The need for a crash policy to deal with this growing aspect of homelessness daily becomes more urgent. And if such a policy is to be effective, it will need to include the following suggestions.

First, the rapid decline of lodging house beds must be halted. A policy declaration by the Secretary of State for the Environment committing himself to look critically at all redevelopment plans which entail the closure of lodging houses would go a long way in achieving this. The aim must be for any beds lost, as the property companies and councils hungrily tear down twilight areas, to be replaced in the new development.

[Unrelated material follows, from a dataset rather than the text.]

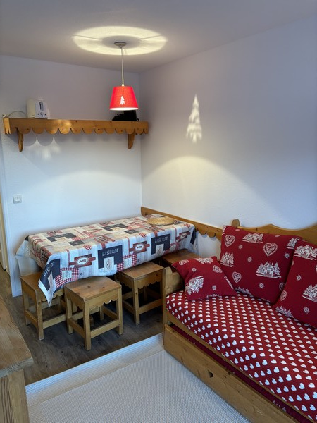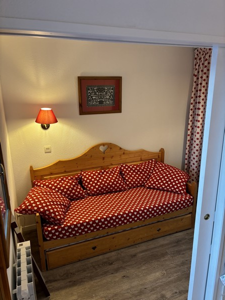 Bel appartement idéalement situé en haut de la station, au pied des pistes de skis et à proximité des commerces. De 4 à 6 couchages, il est composé de : une entrée, un coin montagne avec deux lits simples superposés, un WC indépendant, une salle de bains, un séjour avec coin-cuisine entièrement équipée, un balcon, un lit gigogne (possibilité de 2 lits simples accolés), une chambre indépendante avec un lit double.

By itself this will not be enough. Common lodging house beds are not only being lost through redevelopment but, in London, by change of use. Rowton Hotels Ltd have, over the past decade, ' upgraded ' a number of their properties which now cater for tourists instead of dossers. If the last remaining 2,000 Rowton beds are put to other purposes, any government plans to aid homeless single people will be 'blown off course ', A second commitment is therefore required from the Government, namely, to purchase compulsorily any of the remaining Rowton Houses as and when the company declares its interest in upgrading them into plush hotels.

Next comes the need to establish a reception centre in London for young destitute people. The centre at Camberwell has such a bad reputation (" It's so full of bleeding lice that there's hardly room for anyone" was one recent description of it) that dossers prefer to sleep outside rather than gain admittance. And yet there is the need for a receiving agency that provides immediate accommodation for young people as they flock into the capital.

This leads directly to the provision of somewhere to send people after their short stay in a reception centre. A number of new, small hotels need to he established, and quickly. This is clearly a Central Administration responsibility, for local authorities have shown themselves unwilling to provide this kind of accommodation, and the resources needed far exceed those available to voluntary bodies.

These four short-term reforms are urgent. The need for more information on the numbers of homeless single people does not preclude taking immediate action. Likewise, the need to work out a policy financially compensating those local authorities which house large numbers of potentially homeless single people must start now, as well as encouraging the expansion of voluntary efforts in this field. But again it should not blind us to the need for radically improving the situation of those who, tonight, are forced to sleep out in disused buildings, or on the streets of our big cities.